> [What the task requires]: Pictures are to be left out. Copy exactly, and only, the lines from the start of the entries below to the line with "Tavolinë telefonike luksoze", both included.

(Source data)

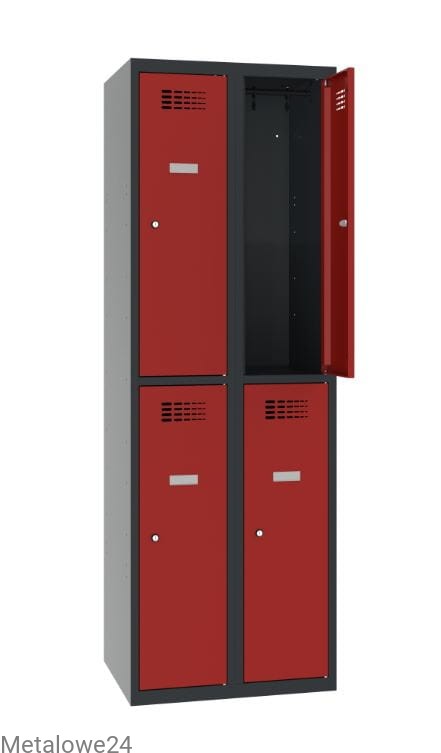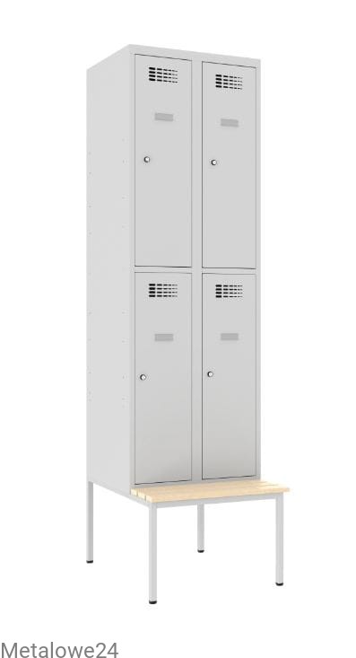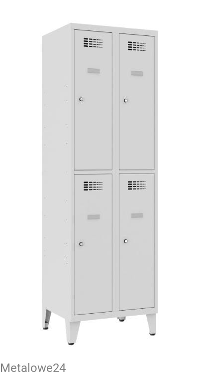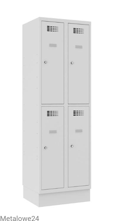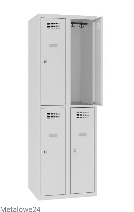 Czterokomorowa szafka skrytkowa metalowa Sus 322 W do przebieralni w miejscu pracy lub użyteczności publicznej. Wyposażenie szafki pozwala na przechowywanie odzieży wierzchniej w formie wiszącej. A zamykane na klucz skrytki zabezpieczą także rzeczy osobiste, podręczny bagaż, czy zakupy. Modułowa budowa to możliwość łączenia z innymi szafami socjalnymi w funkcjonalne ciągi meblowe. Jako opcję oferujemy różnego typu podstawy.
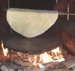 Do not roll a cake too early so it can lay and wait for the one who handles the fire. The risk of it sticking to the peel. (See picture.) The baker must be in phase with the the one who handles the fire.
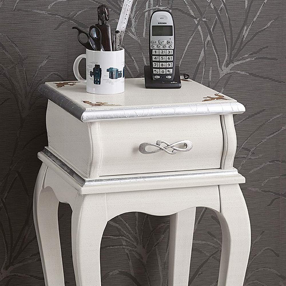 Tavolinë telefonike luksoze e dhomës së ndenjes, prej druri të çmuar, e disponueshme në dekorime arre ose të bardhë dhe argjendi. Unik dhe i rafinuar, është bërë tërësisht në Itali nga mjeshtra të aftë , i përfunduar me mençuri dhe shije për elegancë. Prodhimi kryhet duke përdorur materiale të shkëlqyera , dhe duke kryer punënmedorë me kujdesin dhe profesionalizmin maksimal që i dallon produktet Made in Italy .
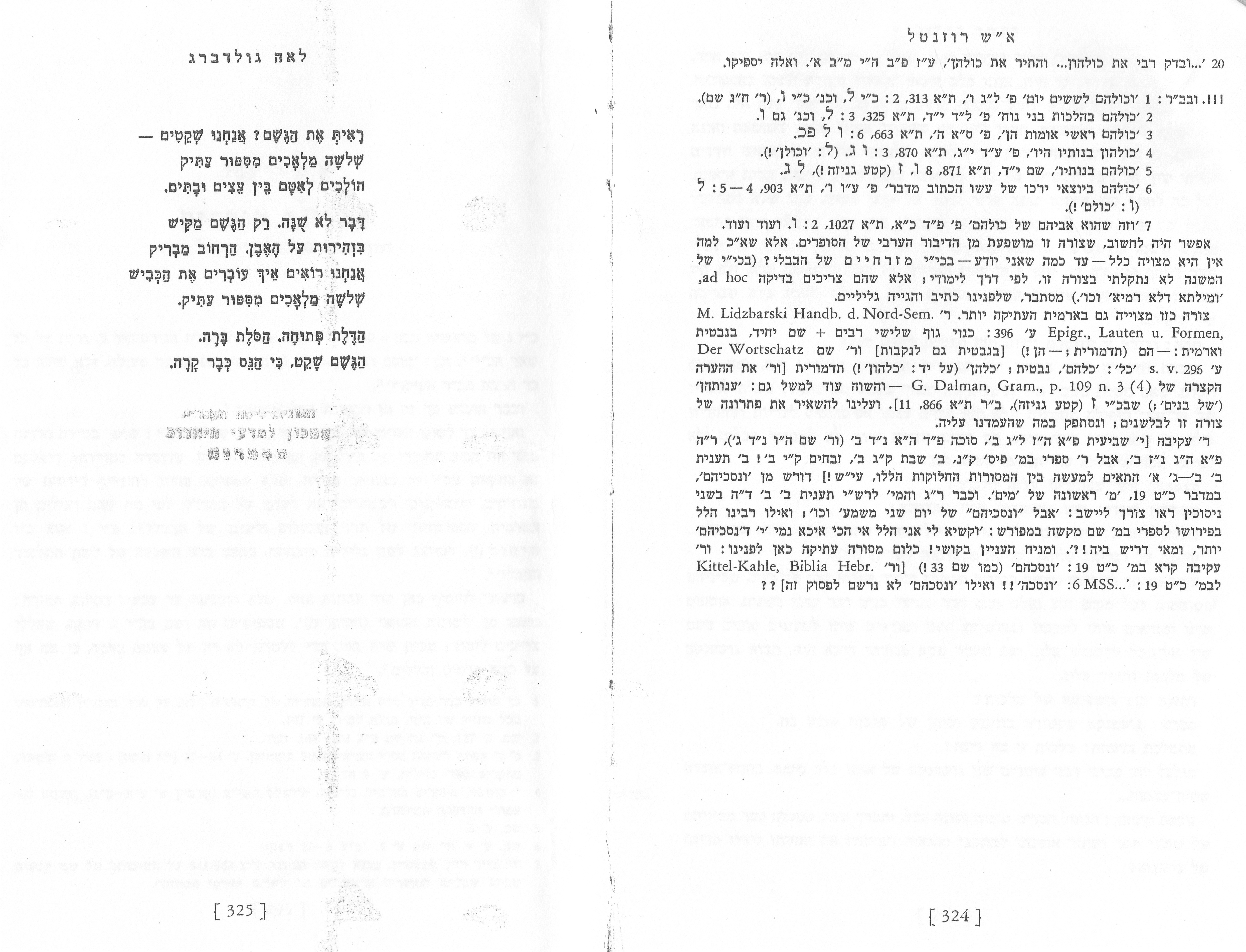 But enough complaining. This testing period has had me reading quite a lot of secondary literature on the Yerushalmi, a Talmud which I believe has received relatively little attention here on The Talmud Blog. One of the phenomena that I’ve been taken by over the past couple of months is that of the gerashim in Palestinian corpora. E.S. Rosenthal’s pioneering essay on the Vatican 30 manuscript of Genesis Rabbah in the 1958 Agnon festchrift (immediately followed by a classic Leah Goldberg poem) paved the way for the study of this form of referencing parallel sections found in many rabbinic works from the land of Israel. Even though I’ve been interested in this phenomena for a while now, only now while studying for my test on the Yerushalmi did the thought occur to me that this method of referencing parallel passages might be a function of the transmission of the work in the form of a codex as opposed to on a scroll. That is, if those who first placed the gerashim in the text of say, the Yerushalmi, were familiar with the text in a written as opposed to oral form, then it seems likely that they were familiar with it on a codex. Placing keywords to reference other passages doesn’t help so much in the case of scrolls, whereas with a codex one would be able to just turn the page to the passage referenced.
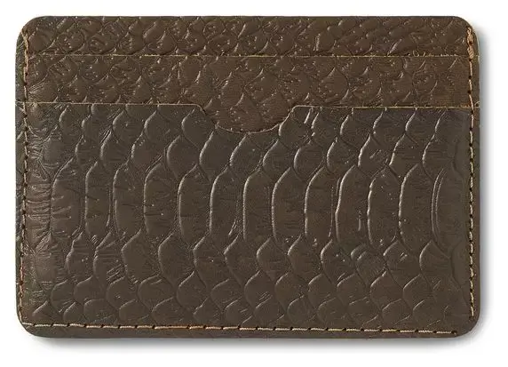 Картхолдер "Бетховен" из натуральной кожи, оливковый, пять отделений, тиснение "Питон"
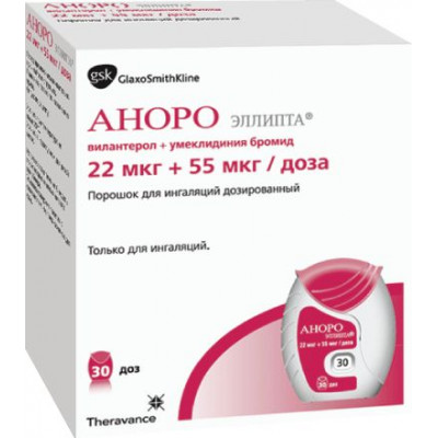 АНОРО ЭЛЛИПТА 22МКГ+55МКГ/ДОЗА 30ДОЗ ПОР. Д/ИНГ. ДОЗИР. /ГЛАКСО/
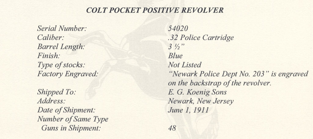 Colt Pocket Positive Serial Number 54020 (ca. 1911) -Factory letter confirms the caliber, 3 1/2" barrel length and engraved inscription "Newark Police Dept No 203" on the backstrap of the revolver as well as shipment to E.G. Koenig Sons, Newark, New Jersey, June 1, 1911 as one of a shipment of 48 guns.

> [Written response]:
 Czterokomorowa szafka skrytkowa metalowa Sus 322 W do przebieralni w miejscu pracy lub użyteczności publicznej. Wyposażenie szafki pozwala na przechowywanie odzieży wierzchniej w formie wiszącej. A zamykane na klucz skrytki zabezpieczą także rzeczy osobiste, podręczny bagaż, czy zakupy. Modułowa budowa to możliwość łączenia z innymi szafami socjalnymi w funkcjonalne ciągi meblowe. Jako opcję oferujemy różnego typu podstawy.
 Do not roll a cake too early so it can lay and wait for the one who handles the fire. The risk of it sticking to the peel. (See picture.) The baker must be in phase with the the one who handles the fire.
 Tavolinë telefonike luksoze e dhomës së ndenjes, prej druri të çmuar, e disponueshme në dekorime arre ose të bardhë dhe argjendi. Unik dhe i rafinuar, është bërë tërësisht në Itali nga mjeshtra të aftë , i përfunduar me mençuri dhe shije për elegancë. Prodhimi kryhet duke përdorur materiale të shkëlqyera , dhe duke kryer punënmedorë me kujdesin dhe profesionalizmin maksimal që i dallon produktet Made in Italy .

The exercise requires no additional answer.